Oil leaks from the engine through the pump mount pad can also gum up the works. And never try to maintain the pump yourself by spraying some kind of lubricant into it.
If your pump fails, make sure the line is cleaned out before replacing the pump. If not, that new pump may be toast in 100-200 hours, further complicating your problem along the way. During installation, make sure anti-leak measures such as Teflon tape or Thread Lube are not part of the drill. The only authorized preparation for the fitting threads is a light silicone-based spray lube.
If your system is still working, but the vacuum or pressure gauge is reading a bit low, resist the urge to merely adjust the pressure regulator. First, troubleshoot the regulator and the system components and solve the problem that way.

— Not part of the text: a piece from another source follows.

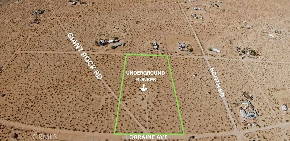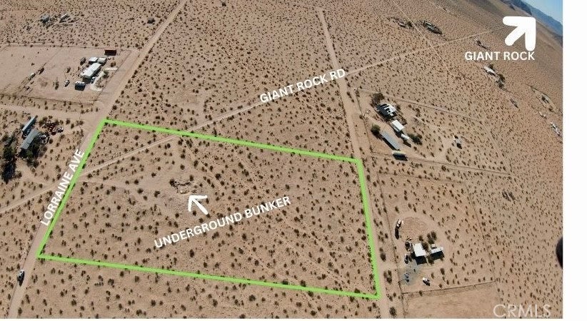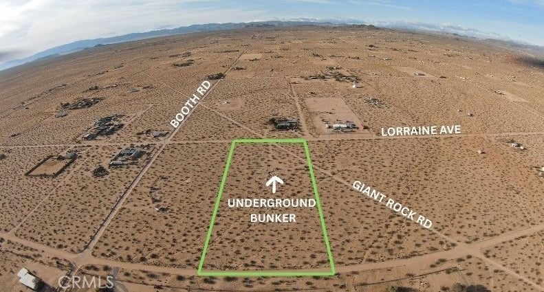 Rare opportunity in the heart of Landers. This expansive 5-acre desert parcel features an existing underground bunker (unpermitted)—a truly unique element that sets this property apart and sparks endless creative potential. Located just 5–10 minutes from the iconic Giant Rock, the property offers a deep sense of seclusion paired with sweeping panoramic desert and mountain views. The wide-open landscape delivers privacy, quiet, and a genuine connection to the high desert—ideal for those seeking something beyond the ordinary. Despite its peaceful setting, you’re still minutes from some of the area’s most celebrated destinations, including La Copine and Giant Rock Meeting Room, blending solitude with access to Landers’ vibrant local culture. Utilities are located in the street, offering a valuable head start for future development. Whether envisioned as a long-term land hold, creative retreat, or future build site, this property represents a rare chance to own a truly distinctive piece of Landers. Lot lines shown in photos are approximate. Buyer to verify zoning, permits, access, utilities, and all potential uses.

Vacuum pumps are designed to operate at a given air volume under a relatively light pressure load. Increasing the load on the pump only increases the odds of the thing self-destructing.
Finally, if the pump does fail, most experts suggest you avoid overhauling it. While the overhaul kits contain new vanes and rotors, other parts that are susceptible to wear may be neglected, which may lead to premature failure of the overhauled device.
For example, the drive shaft that connects to the engine is isolated from the vane by a frangible coupling. That way, if a vane fails and jams the rotor – the typical catastrophic failure mode in a dry vac pump – the drive shaft continues to turn without damaging the engine.
If the vacuum system fails in a more subtle way, however, and the vacuum pump is subject to excessive loads, the drive shaft can twist, rendering a repair of the vanes and rotor moot.
A healthy vacuum system is within reach of virtually every pilot and owner. Although some cope with the potential for failure by installing backup pumps or electric backup gyros, a bit of care in the airplanes operation will help keep those backups in reserve, instead of on the front lines.